Hinsichtlich ihrer genaueren Systematisierung zeigt sich bei Musikinstrumenten mit derartigen Tongeneratoren eine besonders konfliktreiche Problemlage, welche sich auch in den Diskussionen um die systematische Position der Maultrommel widerspiegelt. Aus Sicht der gegen Ende der achtziger Jahre am ehemaligen ‘Zentralinstitut für Philosophie’ (Akademie der Wissenschaften der DDR) entstandenen ‘Vergleichsanalytischen Organologie’ (VAO) werden gerade in diesem Zusammenhang auch die prinzipiellen Unzulänglichkeiten der bislang in der Musikwissenschaft weitgehend anerkannten Systematik von Sachs und Hornbostel deutlicher, wobei dieser Systematisierungsversuch aus dem Jahre 1914 als im Grunde verfehlt angesehen wird.

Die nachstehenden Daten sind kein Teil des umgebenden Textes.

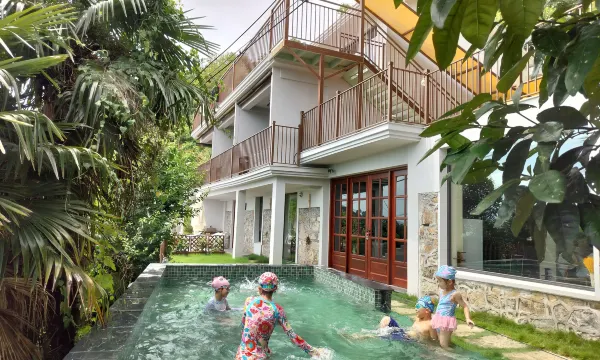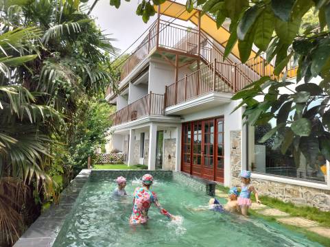 在半山上,闹中取静,住着很舒服,老板和管家也都很好。房间阳台有泡池,院子里有个小泳池。节假日,就是想远离人群,到小渔村吹吹海风
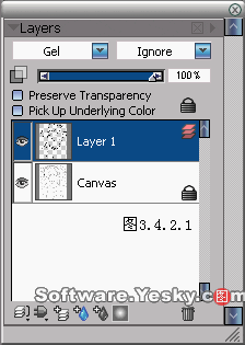 2.新建一層,設為gel模式,使用【pens】/【ball point pen 1.5】(鋼筆/圓珠筆1.5號),使用黑色,根據下層的草稿描畫。(圖3.4.2.1和圖3.4.2.2所示)
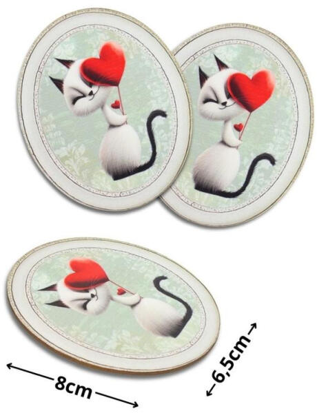 Nyomtatott dekorkarton - Valentin napi cica ovál tábla 3db/cs - csinaldmagadshop
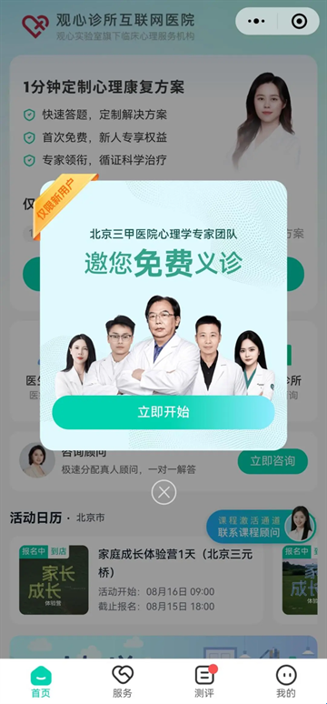1、新用户打开「观心实验室」APP,点击义诊弹窗。

Als Gegenposition wurde ein entsprechend andersartig konzipierter Ansatz zum Verständnis des ‘Natürlichen Systems der Musikinstrumente’ entwickelt. Dabei versucht VAO zunächst die wesentlichen Elemente schallrelevanter Oszillation (WESO) eines jeden Musikinstrumentes genauer zu ermitteln und in ihrer jeweiligen Wirkungsweise bzw. ihren Wirkungsmöglichkeiten eingehender zu verstehen. Sie unterscheidet dabei zwischen internaler und externaler Schallerzeugung. Jedes WESO wird in Hinsicht auf seinen Aggregatzustand, die Art und den Grad seiner akustisch relevanten Konfiguration sowie bezüglich seiner realen und real-möglichen Kopplung mit anderen WESO fixiert. Im Falle derartiger Verkopplungen wird das jeweils primär wirkende WESO ermittelt und ausgehend von diesen bzw. von den jeweils einzelnen/einzigen WESO eines jeden natürlich-akustischen Instruments läßt sich dann ein spezifisch physikalisch-akustisch begründetes Gerüst zur Systematik der natürlich-akustischen Musikinstrumente aufbauen.
Von daher läßt sich sowohl hinsichtlich der systematischen Plazierung als auch in Bezug auf das detailliertere Verständnis der Funktionsweise von Musikinstrumenten, aber auch in Bezug auf ihre jeweils spezifische Entwicklungsposition (bzw. ihre weiteren Entwicklungsmöglichkeiten) eine komplexere Sichtweise entfalten, welche gerade auf all die Musikinstrumente neues Licht fallen lassen kann, welche die schallrelevanten Oszillationen solcher ‘spaltgenau durchschwingenden Zungen’ nutzen.